Debugging chains can be challenging since they often involve preprocessing inputs and postprocessing outputs. Setting verbose=True when creating a chain prints out internal states of the chain during execution, providing visibility into what's happening inside.

Enabling Verbose Mode

Here's how to enable verbose mode for different chain types:

from langchain.chains import LLMChain

llm_chain = LLMChain(llm=llm, prompt=prompt, verbose=True)
llm_chain.run("Hello")
from langchain.chains import HumanChain

human_chain = HumanChain(llm=llm, prompt=prompt, verbose=True)
human_chain.run("What is 2 + 2?")
from langchain.chains import ConversationChain

conversation = ConversationChain(
llm=chat,
memory=ConversationBufferMemory(),
verbose=True
)
conversation.run("What is ChatGPT?")

Interpreting Verbose Output

The verbose output contains internal chain states during execution. Here's what to look for:

  • Formatted prompt: The prompt after input formatting. Checks if prompt is formatted as expected.

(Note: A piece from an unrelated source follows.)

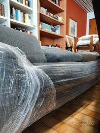 Divano due posti marca Seven in tessuto grigio melange con braccioli arrotondati, schienali e sedute imbottite separabili; look neutro adatto a living moderni o ufficio, già protetto con pellicola per lo stoccaggio . Le dimensioni 180 cm lo rendono compatto ma comodo per due persone.

  • Memory variables: Any memory variables injected into the prompt. Checks if memory is populated and injected correctly.

  • Conversation context: For conversation chains, the current context at each turn. Checks if context is maintained properly across turns.

  • LLM requests: The prompts sent at each step. Check for mismatches with expected prompts.

  • Outputs: The raw LLM outputs before postprocessing. Verify outputs match prompts.

Troubleshooting Tips

Here are some common issues you can debug with verbose mode:

  • Infinite loops: The verbose logs will show the chain stuck in a loop. Inspect the requests and outputs to identify causes.

  • Prompt mismatches: Verbose logs highlight mismatches between expected and actual prompts. Fix formatting issues.

  • Memory errors: Errors loading memory variables indicate issues with the memory component. Inspect verbose memory logs.

  • Context mismatches: For conversations, mismatches between verbose context logs and requests indicate context maintenance issues.

  • Output errors: Raw output errors usually indicate an LLM problem rather than a chain issue. Try modifying prompts.

Enabling verbose mode provides visibility into these issues. Use the logs and guidance above to identify and debug chain problems.